When Adrian had first proposed to me, I’d been nervous, not for lack of love but because being a nineteen-year-old bride had never been in my plans. And being a nineteen-year-old mother? That was definitely not in my plans. But then, was anything turning out the way I’d expected? I studied Declan’s face, loving all the little perfect details but also fully aware that if I committed to him, any attempts at salvaging the future I’d wanted—a home with Adrian, college, normality—were going to be seriously thwarted. And yet, how could I abandon Declan?
I looked up at Adrian. “I don’t know what to do. I don’t have the answer.” I realized those weren’t words I uttered very often.
Adrian took a deep breath and glanced at those around us. “I think . . . I think maybe we need to ask for some help with this.”
I understood the suggestion and considered it. The fewer people who knew the truth about Declan, the better. But what was being asked of us was too big for us to shoulder alone. We needed allies we could trust in deciding Declan’s future, and glancing around at those gathered—Rose, Dimitri, Eddie, and Daniella—I realized these were the people we could count on. “Okay,” I told Adrian.
“Can somebody finally tell us what’s going on?” Rose cut in impatiently.
Adrian took a deep breath, bracing himself for the monumental story he was about to tell. Everyone else had gone very still and very silent, as though sensing the gravity of what was to come. “What I’m about to say is going to change everything you think,” Adrian said. He focused on Rose and Dimitri. “You two in particular are about to get your worlds rocked.”
Epilogue
“IS THAT THEM?” MY MOTHER CALLED. “I thought I heard the door.”
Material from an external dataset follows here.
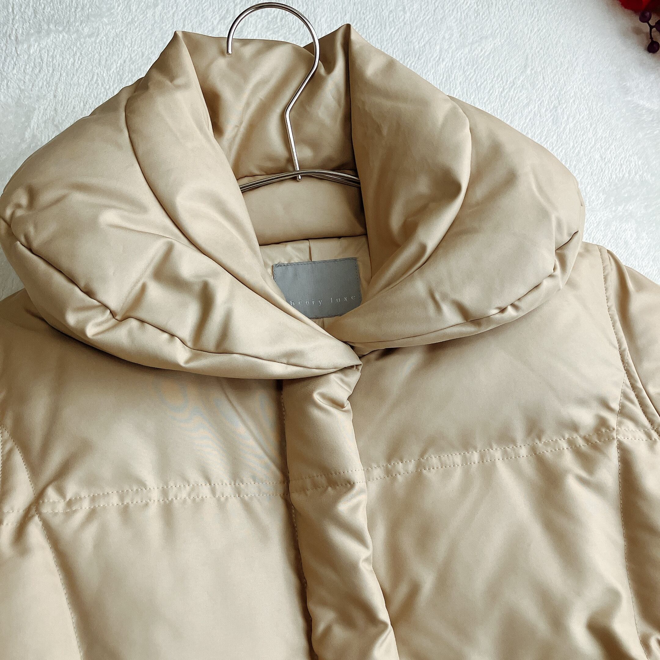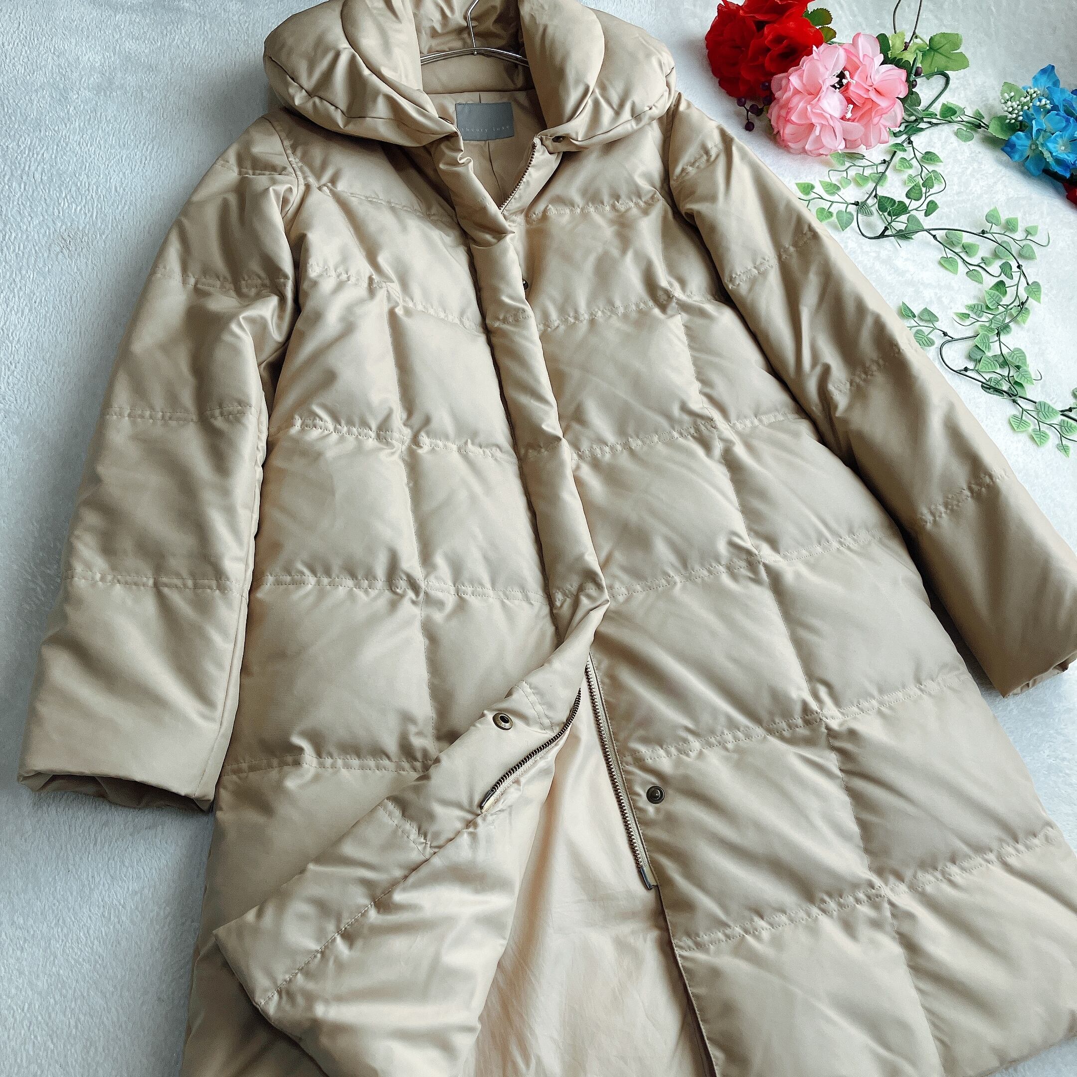 Theory luxe セオリーリュクス★ショールカラー ダウンコート RUSH Aライン 比翼ボタン 小顔効果 体型カバー ベージュ系

“It had better be,” I said, taking a pan out of the oven and carefully setting it on the counter. “This roast is at peak deliciousness. I’m not waiting for them to dive in. It would be a crime. A declaration of war against fine cuisine everywhere.”
My mother, used to my theatrics, smiled. “Sydney’s not here yet either.”
“Oh,” I said. “Well, I’ll wait for her.”
Eddie stuck his head in the kitchen, his face alight. “They’re here.”
I took off my oven mitts and apron and strolled out to the living room to see the guests who’d just come into the living room of our small rented house. I hadn’t seen Rose and Dimitri in almost a year and a half, right around the time Jill had been rescued from the Warriors in St. George. They looked the same as ever, gorgeous and formidable, as they stamped snow off their boots and gave us big smiles. Jill, who’d traveled with them, had already thrown herself into Eddie’s arms and was kissing him.
“Whoa, hey,” I said. “It hasn’t been that long since you saw each other. Control yourselves.”
It had actually been about a month since they’d been together, which I knew probably felt like an eternity to them. They’d been dating ever since her rescue from St. George, but she had had to go back to Court to finish her education while Eddie stayed with us. So their relationship had become a long-distance one over the last year, with her visiting us on breaks or him going to Court when he could get another guardian to stay with us.
Jill flushed pink and extracted herself from Eddie long enough to give me a hug. “I’ve missed you so much!” she said.
“I’ve missed you too,” I told her warmly. Every time I saw her, I was astonished to see how much she had transformed from an awkward girl into a poised princess of the Dragomir line. “But you’ve got to admit, I’ve been pretty good about updates. And I send you pictures every week.”
She grinned. “I know, I know. It’s just a little different not being with you like I used to.”
I planted a kiss on her forehead. “Better for both of us that way, Jailbait.”
I’d held good on my word to Sydney. I’d gone back on my meds, silencing both spirit and Aunt Tatiana. It had also quieted the bond between Jill and me. She still had a sense of me but no longer the intimate view into my heart and mind like she’d once had. Before I could say more to her, a plaintive wail made its way to us.